The 12 officers had all qualified for promotions to sergeant on the 1978 exam, and were at the top of the list when Mayor Marion Barry imposed a citywide hiring and promotion freeze March 1.
A new exam was subsequently given using different procedures, and the 12 officers and many others eneded lower on the new list. As a result, many who were next-in-line based on the 1978 list may now have to wait much longer for promotions -- if they are promoted at all.
"All we're asking for is what's fair and equitable," said Lowell K. Duckett, a 12-year police veteran who was highest on the list when the freeze took effect.
Duckett scored lower in the 1980 examination, and says he must now wait two years to try for the sergeant's job again. "I've become digusted," he said. "I've been producing for 12 years, medals up and down my chest, and what's the point . . . if another job comes along, I'll take it."
At the center of the controversy is a new aspect of the city's promotional system involving the oral evaluation of officers taking the test.
The oral assesment panel has been controversial from the moment it was suggested a year ago. Its recommendations account for 40 percent of the overall score for officers taking the sergeants' and lieutenants' exams and 50 percent for officers taking the captains' exam.
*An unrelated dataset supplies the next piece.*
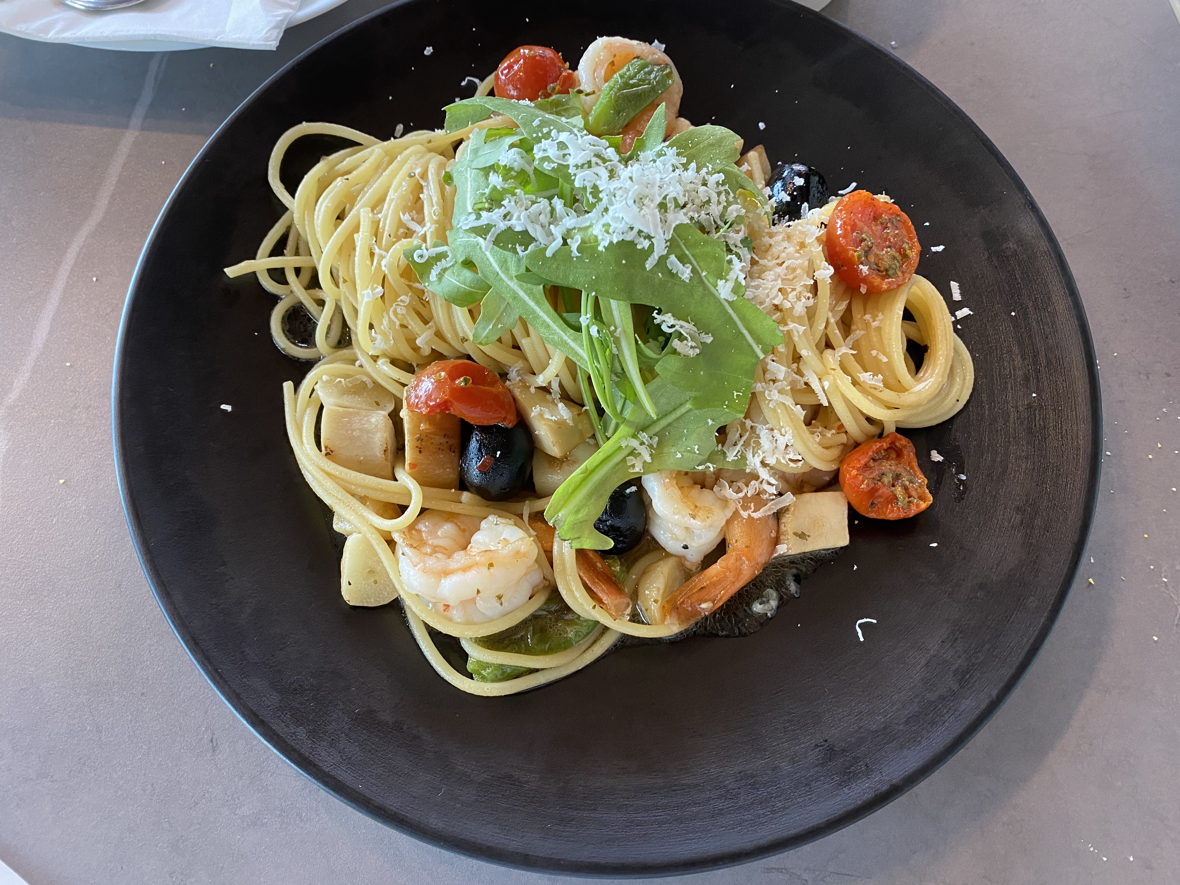 아들이 엄빠를 위해 선택한 쉬림프 알리오 올리오 파스타가 나왔습니다.

Unlike the old assessment system, under which officers were evaluated by their immediate supervisors, the new evaluations are made by a panel of police officials unfamiliar with the officers' career performance and a psychologist from the private sector. The exam is also now given after the written test instead of before, as evaluations had been in earlier years.
Officers contend that the new system promotes favoritism.
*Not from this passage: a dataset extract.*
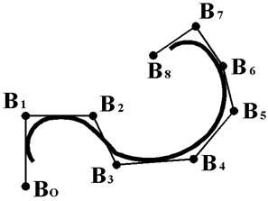 Термин NURBS, который является аббревиатурой (сокращением) и расшифровывается как Non-Uniform Rational B-spline, где: " Non-Uniform" (неоднородный) означает, что область влияния контрольной точки на форму кривой может быть различной. Это очень важное свойство для моделирования иррегулярных кривых. " Rational" (рациональный) означает, что математическое выражение, описывающее форму моделируемой кривой, есть отношение двух полиномов. Эта особенность позволяет точнее моделировать различные кривые, например конические сечения. " B-spline" (basis spline, базовый сплайн) - способ математического описания кривой интерполяцией между тремя и более контрольными точками. Заметим что, привычные для плоских векторных художников кривые Безье являются специальным (частным) случаем В-сплайна. Одной из основополагающих особенностей NURBS-кривой является то, что ее форма определяется расположением множества контрольных точек. Контрольные точки соединены для наглядности прямыми линиями. Эта ломаная линия получила название управляющего многоугольника (control polygon), рисунок 36. Каждая контрольная точка определяет форму только той части кривой, которая находится в ее окрестности, и оказывает меньшее воздействие или вовсе не влияет на форму оставшейся части кривой. Если веса всех контрольных точек положительны, кривая лежит в области, полученной соединением крайних (внешних) контрольных точек. Такой " габаритный" контейнер получил название " выпуклой оболочки" (convex hull). Основными объектами ВГ являются: примитивы (линия, круг, эллипс и др.), составные объекты и различные заливки. Примитив - объект создаваемый, редактируемый и уничтожаемый одной командой.

"I think it's a buddy system," said Dennis Jones, an officer in the communications department. Jones said he took the exam but didn't study because he felt the exam was "rigged for the in crowd."
In some instances, officers who ranked high in 1978 placed very low in 1980. Many officers said such differences could only be accounted for by favoritism on the part of persons on the panel toward officers under evaluation.
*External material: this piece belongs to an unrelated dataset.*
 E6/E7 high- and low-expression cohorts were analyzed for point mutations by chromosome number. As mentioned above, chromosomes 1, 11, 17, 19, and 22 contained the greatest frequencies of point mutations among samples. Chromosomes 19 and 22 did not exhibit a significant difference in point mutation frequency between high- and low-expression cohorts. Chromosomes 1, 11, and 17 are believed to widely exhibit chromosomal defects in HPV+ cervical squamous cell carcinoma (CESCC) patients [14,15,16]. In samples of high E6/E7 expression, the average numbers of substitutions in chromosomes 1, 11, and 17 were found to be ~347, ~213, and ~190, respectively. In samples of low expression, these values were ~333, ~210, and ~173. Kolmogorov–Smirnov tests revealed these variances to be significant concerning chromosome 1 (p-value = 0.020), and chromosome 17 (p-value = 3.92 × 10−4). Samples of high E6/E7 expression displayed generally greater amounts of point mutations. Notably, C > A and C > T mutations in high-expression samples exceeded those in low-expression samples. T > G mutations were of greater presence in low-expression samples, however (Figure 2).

In June, attorneys for the police union filed a Freedom of Information Act request asking the department for test results, evaluations, profile analysis and any information available that could justify how the new exam was developed and the discrepancy in the test scores.
A few weeks later, the request was denied.
Marty M. Tapscott, assistant chief for administration, yesterday dismissed the complaints as minor.
"Naturally you're going to have officers who don't score well complain," he said. "Most people were satisfied with the process."
He said the scores were realistic and expected.
"(The exam) was designed that way. The written exam was to test you knowledge of the job. The oral assessment panel was to test you ability to carry out the job."
The lawsuit was filed after a group of officers wrote to Larry Simons, head of the police union, claiming they had been discriminated against by the new police promotional procedures.
The suit filed Wednesday claims the officers on the 1978 list were told they would be promoted and therefore did not properly prepare for the 1980 examination.
"These guys thought they would be promoted off the old list," Simons said. "A lot, quite frankly, didn't study too hard (for the 1980 test) and finished way down on the list, with no chance of being promoted."
The lawsuit claims the police department breached a contract with the officers, many of whom could lose thousands of dollars in salary increases as a result of losing their opportunities for promotion. One officer said he would lose $1,000 a year by not being promoted to sergeant.
The suit was filed by both black and white officers. Union officials stressed they were not claiming the department's promotion procedures discriminate on racial grounds.
In 1978, a controversy over the police promotion test centered around allegations that some parts of the test were leaked in advance to certain black officers to promote blacks in a department dominated by white officials.